Ingredients
The following ingredients have 4 Servings
- ¼ cup unsalted butter (softened)
- 1 cup sugar
- 1 tsp baking powder
- ½ tsp baking soda
- ¼ tsp salt
- 3 eggs
- ½ tsp vanilla extract
- ¼ tsp almond extract
- 2 ¼ cups all-purpose flour
- 1 ½ tsp anise seed
- ½ tsp fennel seed
- 1 cup dried cranberries
- ¾ cup pistachios (shelled and unsalted)
- ½ cup dried apricots (finely chopped)
- 1 egg
- 1 tbsp water
Instruction
- Heads up: There is a 2 hour chilling time before baking!
- *Instruction images are set to NOT print unless you select print images
- Chop the pistachios and apricots (separately) into small pieces in your food processor.

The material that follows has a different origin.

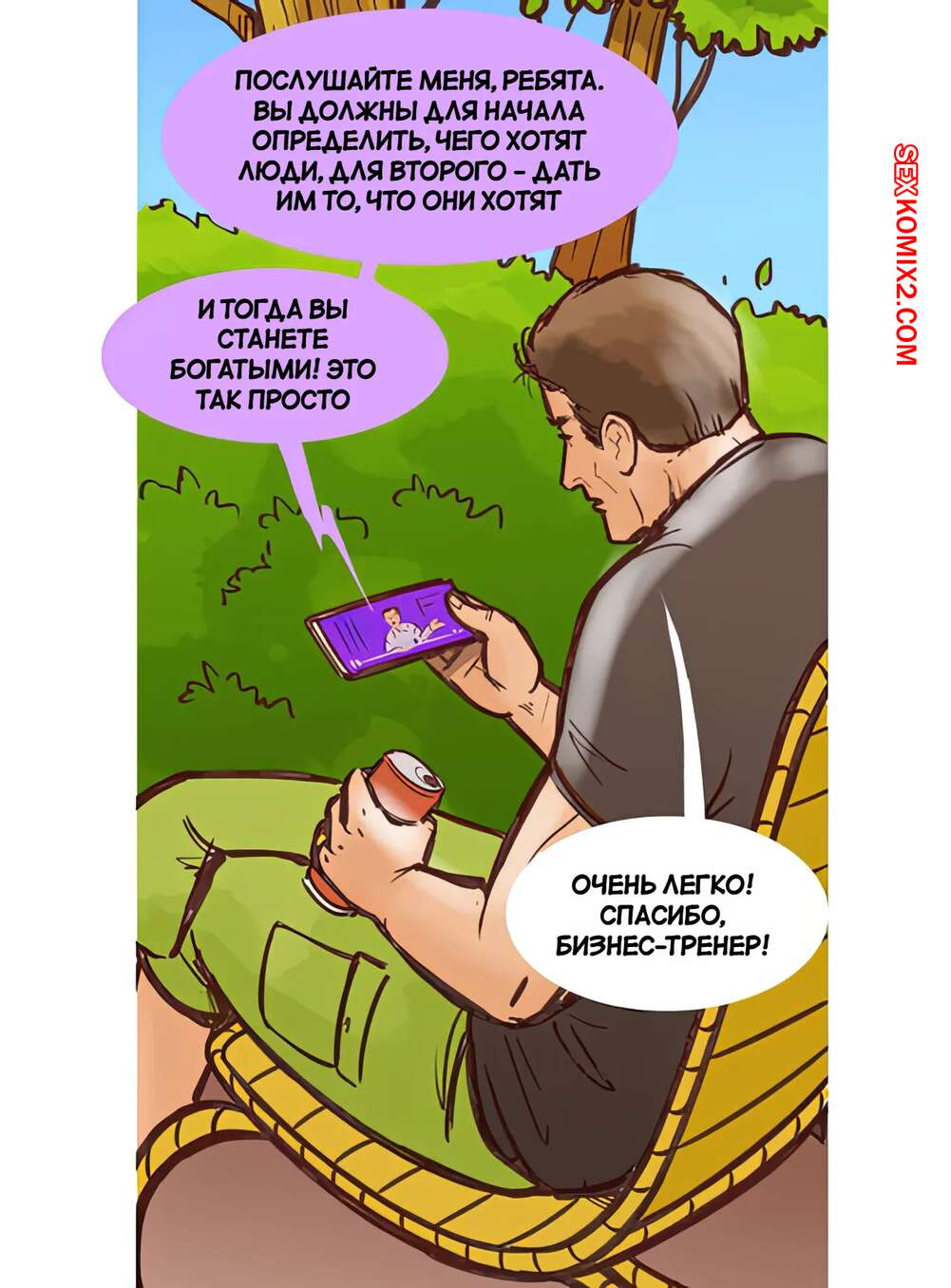 Порно комикс Успешный стартап. Succesfull startup. DISARTEN. Парень решил купить себе новую машину и придумал идею для стартапа. Он связал свою сексуальную жену и позволяет другим мужикам ебать красотку во все дырочки за хорошую сумму денег.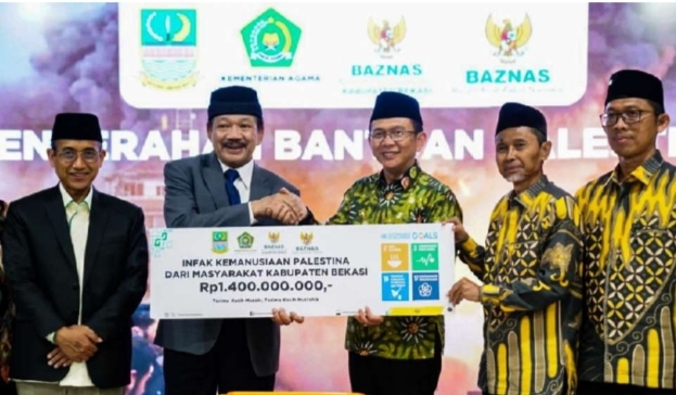 Jakarta, koranpelita.co – Pemerintah Kabupaten Bekasi melalui Badan Amil Zakat Nasional (Baznas) Kabupaten Bekasi, menyerahkan infak kemanusiaan Palestina dari masyarakat Kabupaten Bekasi berupa uang tunai sebesar Rp 1,4 Miliar kepada Badan Amil Zakat Nasional (Baznas) Republik Indonesia sebagai bentuk aksi kemanusiaan dan solidaritas terhadap rakyat Palestina yang menjadi korban agresi militer Israel.

Set aside
- In a large bowl, beat butter with an electric mixer on medium to high speed for 30 seconds,
- Then add sugar, baking powder, baking soda, and salt. Beat until combined.
- Beat in the 3 eggs, vanilla, and almond extract until combined.
- Beat in as much of the flour as you can with the mixer. Stir in any remaining flour with a large spoon.
- Stir until fully incorporated
- Stir the anise, fennel seed, cranberries, pistachios and apricots into the mixture.
- Stir with a wooden spoon until blended.*If dough is wet and sticky, add a little more flour until it feels like cookie dough
- Cover and refrigerate for 2 hours or until dough is easy to handle.
- Preheat oven to 350 degrees F. Divide dough in half.
- Shape each half into a 12 inch log about 1 ½ inches thick.Place logs 3 inches apart on the lightly greased large jelly pan or 2 separate baking sheets.Flatten each log to a 3/4 -1 inch thick loaf.
- Combine the 1 egg and 1 tablespoon of water to make an egg wash. Brush egg mixture over loaves.
- Brush loaves with egg wash (you'll only need about half of it).
- Bake in preheated oven for 25- 30 minutes or until light brown.
- Allow loaves to cool on pan for 10 minutes before moving to cooling rack.
- Cool for 50 minutes on a cooling rack.